Nala distesa sulla rena, in posa dolce di sonno, vera, non è
vuota. La lascio addormentata e torno da Poo.
- Maestra, Nala non è vuota.
Mi fissa col suo sguardo appannato. Per un po’ tace, poi
le sue mani tremule aprono lentamente la tunica bianca, sotto
la quale è nuda: pelli flaccide, ex seno, ventre pendulo, cosce
ulcerate, carni vizze, polpacci varicosi.

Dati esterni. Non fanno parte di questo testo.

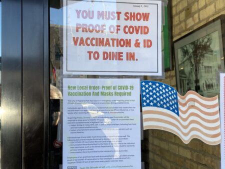 Manager Junella Hutchison checks vaccine cards as diners arrive during brunch at Daley’s restaurant in Woodlawn on Jan. 9. The proof-of-vaccine rule could be in place longer than the city’s indoor mask mandate though neither date has been set. (Brian Cassella / Chicago Tribune)

Sorride al mio orrore, sdentata, eppure misericordiosa, of-
fertasi oltre il pudore come esempio:
Poo s’è disfatta, Nala si disfa.
Scappo. Tornato alla spiaggia, inorridito, Nala mi viene
incontro, ridente. Nella sua bocca vedo i denti cadere, ad uno
ad uno. Pelli flaccide invadono il suo seno, le sue gambe si
coprono di varici. L’orrore si dilata alla sua giovinezza.
- Stai male?
- Nala, me ne debbo andare.
Nel lasciarla:
- Se torni a Bangkok, telefonami, ti prego.
- Si, certo, se torno.
Sono le 3,30 del mattino. Il tassì è pronto. Nessuno ha
telefonato.
Oscuri gli appunti sul lontano Oriente, come oscuro il mio
animo. Buddha non mi ha voluto, come non mi ha voluto Al-
lah.
M’aspetta l’India, immensa. V’è sempre un vento che mi
porta via. Dove andrò? Una voce improvvisa (l’Arcangelo?)
mormora nell’orecchio:
Benares.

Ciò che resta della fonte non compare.